Asimismo recomendó “evitar el contacto con personas enfermas, particularmente en los adultos mayores y en los niños muy pequeños, porque es muy probable que se enfermen también” y puntualizó sobre la importancia de que “los chicos tengan todas las vacunas completas, esas son medidas de prevención”.
El rol de la alimentación
Para el especialista, “si yo me alimento mejor seguramente mi sistema inmunológico va a estar más fortalecido y voy a poder hacer frente mejor a cualquier situación que se me cruce”, y describió que “hoy vemos que hay bastantes trastornos alimentarios, sobre todo en la edad pediátrica, que se han visibilizado pos pandemia y es algo complejo”.
Y en este punto enumeró la mala alimentación, comer a deshora, no saludable, falta de ejercicio, de actividad física, entendiendo que “todas esas cuestiones van constituyendo distintos grados de riesgo para enfermarnos con cosas que pueden ser más sencillas y pasarlo un poco peor, de alguna manera”.

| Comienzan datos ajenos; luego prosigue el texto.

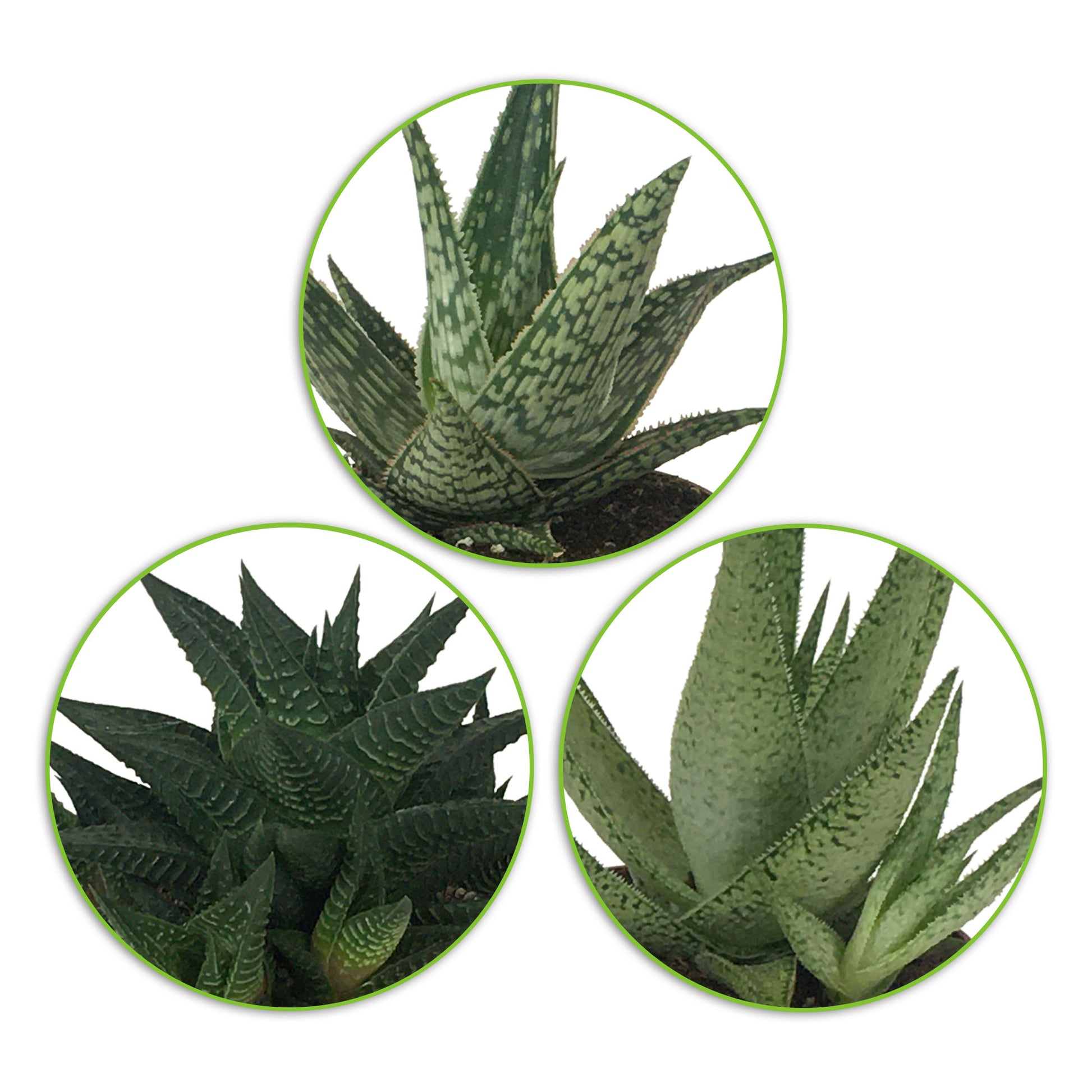 An extremely strong mix featuring the succulents 'Snow Flake' (Aloe rauhii), 'Red Flame' (Aloe variegata) and 'King' (Aloe vera). The 'Snow flake' makes a nice adornment to your living room with its sturdy, white-speckled leaves. The 'Red Flame' is a good contrast with its red serrated edges. The 'King' is a prominent complement to the mix.

La carga genética en enfermedades respiratorias
Romagnoli explicó que hay algunas enfermedades que son genéticas per se, se trata de “una alteración en algún cromosoma que genera una determinada enfermedad y hay otras enfermedades, como por ejemplo el asma en la cual la carga familiar, hereditaria, suele tener un rol muy importante”.
Qué es el asma?
El asma “es la obstrucción de los bronquios que mejoran solos o con medicación, a través del tratamiento broncodilatador”, especificó el médico neumonólogo infantil, y agregó que “el diagnóstico es de tipo clínico, no hay ningún estudio o prueba de laboratorio que uno pueda mandar a hacer a un paciente que diga eso no es asma”, por eso manifestó que “es algo que el médico tiene que pensar en el consultorio, evaluando al paciente, su historia familiar, perinatal, descartando algunas otras enfermedades que pueden parecer y no serlo y se llega al diagnóstico del asma”.
El especialista subrayó que “a veces puede ser fácil el diagnóstico pero uno tiene que estar seguro que lo que va a tratar es asma y no otra cosa”, al tiempo que indicó que “un 20 por ciento de los pacientes pediátricos tiene asma”.
El profesional manifestó que “es una enfermedad que con el correr del tiempo la mayoría de las veces se cura, y se cura sola. El tratamiento es muy efectivo, seguro, no tiene efectos adversos” y explicó que “es una enfermedad más relacionada con el desarrollo, con la respuesta exagerada que tienen los bronquios sobre todo en la primera parte de la vida, con la cantidad de infecciones respiratorias en esa etapa”.